After the encoding process is complete, your program should allow the user to save the resultant secret picture. Make sure the filename ends in '.png', because otherwise running the decoding process may not work. Test your encoding and decoding thoroughly both on the provided secret files and on files that you encode and decode for yourself.
Program Implementation Options
I am going to allow three different variants of this program. The first variation tries to remove the added complexity of a user interface with buttons and button functions and the like. One could envision separate Encode.py and Decode.py programs that simply go through the processing steps described above. While the programs would still need to invoke pickAFile() and perform appropriate checks for valid inputs and picture sizes, the rest of the interface could simply use print() function invocations and input() function invocations to accomplish any needed interaction with the user. Any display of a Picture could use a dedicated separate Window. Because of its relative simplicity, this implementation option will not be scored as highly, and the highest possible grade would be a B+. The program will be evaluated, as normal, for comments, functions, variables, and design structure in addition to the metric of correct operation.

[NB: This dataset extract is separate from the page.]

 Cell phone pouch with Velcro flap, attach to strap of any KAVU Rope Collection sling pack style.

The second variation would add in a "real" user interface. You are free to design this as you choose, but allowing the user to see all all the involved pictures in a single Window, and would use buttons to control the action, possibly also integrating the two parts into one and allowing the user to determine the desired processing of encode versus decode. I don't want to prescribe the exact look of the interface, and I leave that to your own creative decisions. This variant can achieve full credit for the assignment.

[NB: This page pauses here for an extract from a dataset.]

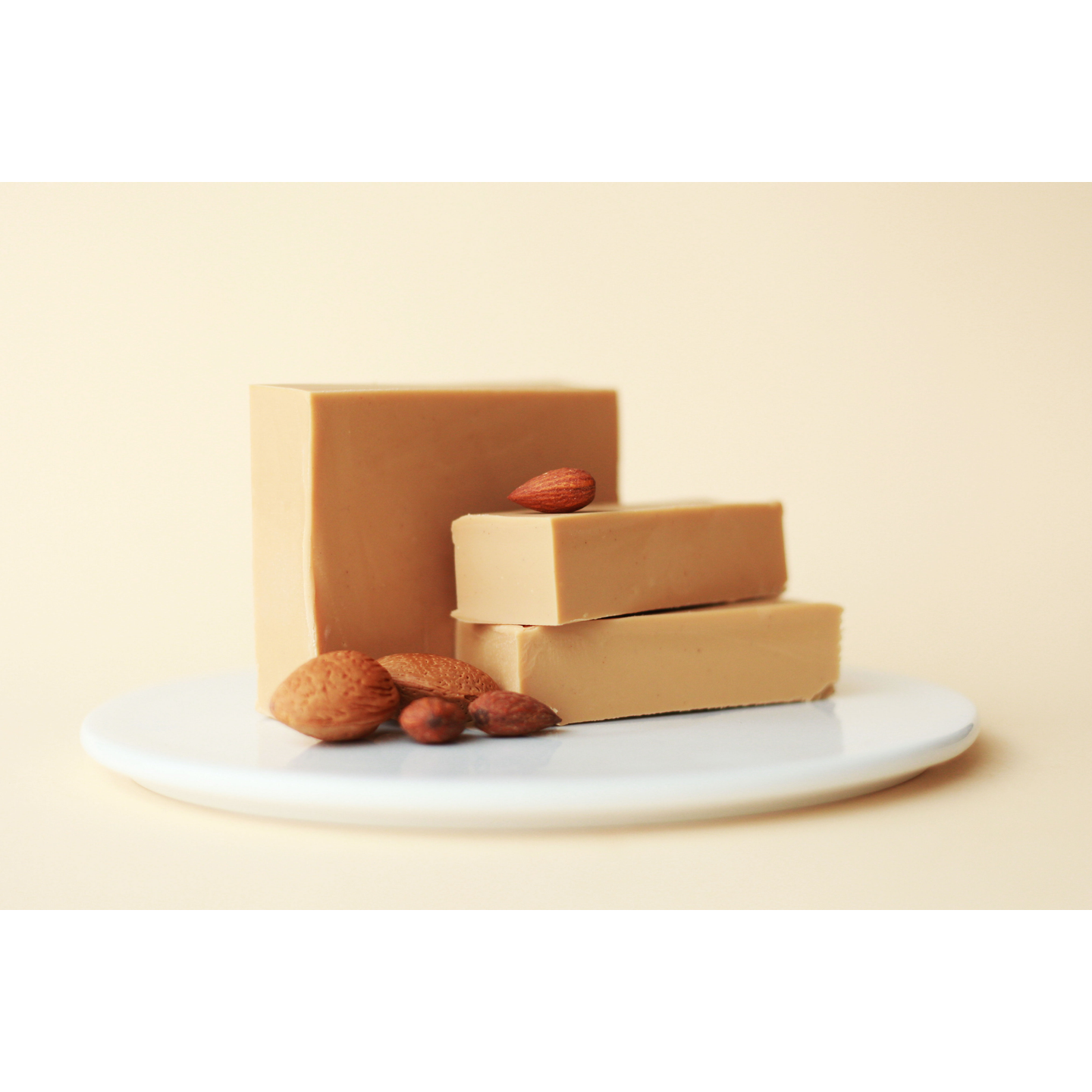 Světlý nugát vyrobený z čerstvých pražených lískových oříšků.

The last variant would be an extra-credit option, and would enhance the program further. The most obvious limitation of the program as it stands right now is that we are only using one "bit" of information in each color channel to represent the hidden picture. Like the posterize exercise from your piceditor, we could allow more information to allow a better representation of the hidden picture. We could allow a variation that uses the lowest two bits to hide an image. Using an extra bit should allow you to encode more colors (4 values per channel rather than just 2). As a result, once you've decoded the image, it should have a nicer range of colors (the previous program was only capable of encoding 8 different colors: black, white, red, green, blue, magenta, cyan and yellow). For those of you attempting this enhancement, I have hidden a picture inside beach-smaller, resulting in the following secret2bit.png. As a check, my decode yields the following result2bit.jpg.